In recovery, with full_pages_writes=on, we read in each page only to overwrite the contents with a full page image. That's a waste of time, and can have a surprisingly large effect on recovery time.

As a quick test on my laptop, I initialized a DBT-2 test with 5 warehouses, and let it run for 2 minutes without think-times to generate some WAL. Then I did a "kill -9 postmaster", and took a copy of the data directory to use for testing recovery.
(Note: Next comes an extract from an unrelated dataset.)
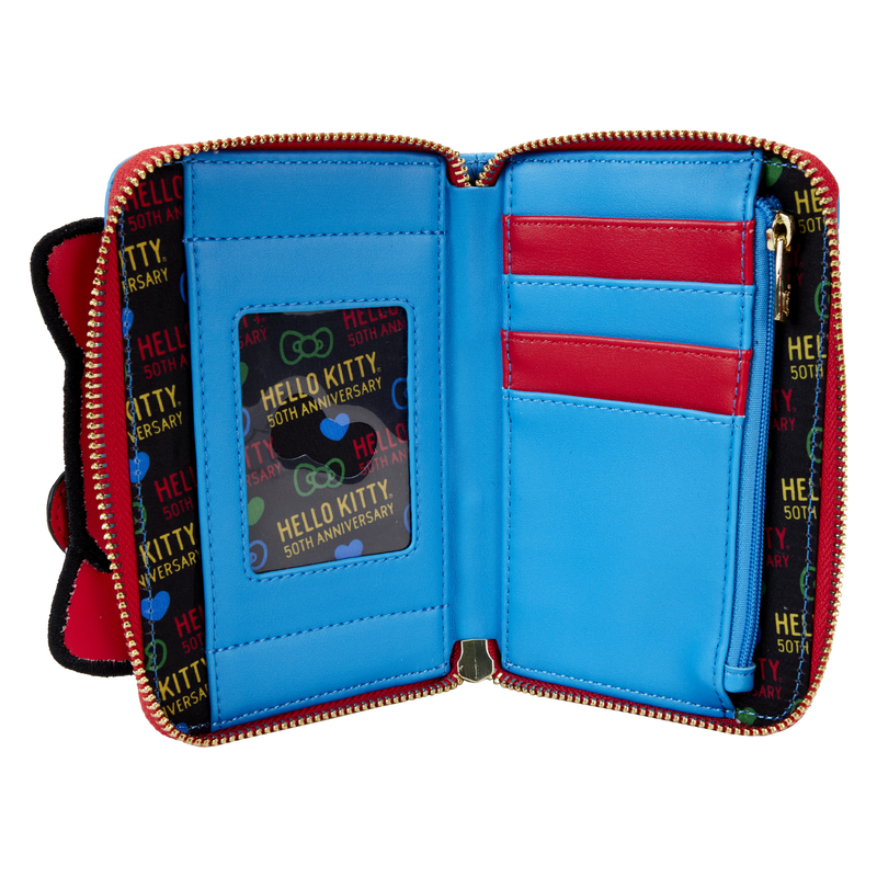 If dialing up your style has a nice ring to it, stay on the line! Our exclusive Loungefly Sanrio Hello Kitty 50th Anniversary Sequin Phone Zip-Around Wallet is brilliantly fun. On the front, Hello Kitty’s adorable face appears in applique, embroidered, and sequined detail. Her signature red bow appears as an applique, and her ears stick up over the top. She’s holding a red sequined phone, and the blue background makes the colours pop. On the back, Hello Kitty shows up as a printed image. She’s answering the phone, and the speech cloud behind her indicates that she’s saying, “Hello Kitty.” Inside, you’ll find approximately four slots for holding cards and one clear slot for displaying your ID. The die-cut shape of a bow, on the clear ID slot, adds a characteristic touch. Make a good call by sharing smiles wherever you go with this accessory.

With CVS HEAD, the recovery took ~ 2 minutes. With the attached patch, it took 5 seconds. (yes, I used the same not-yet-recovered data directory in both tests, and cleared the os cache with "echo 1 > /proc/sys/vm/drop_caches").

I was surprised how big a difference it makes, but when you think about it it's logical. Without the patch, it's doing roughly the same I/O as the test itself, reading in pages, modifying them, and writing them back. With the patch, all the reads are done sequentially from the WAL, and then written back in a batch at the end of the WAL replay which is a lot more efficient.

It's interesting that (with the patch) full_page_writes can *shorten* your recovery time. I've always thought it to have a purely negative effect on performance.

I'll leave it up to the jury if this tiny little change is appropriate after feature freeze...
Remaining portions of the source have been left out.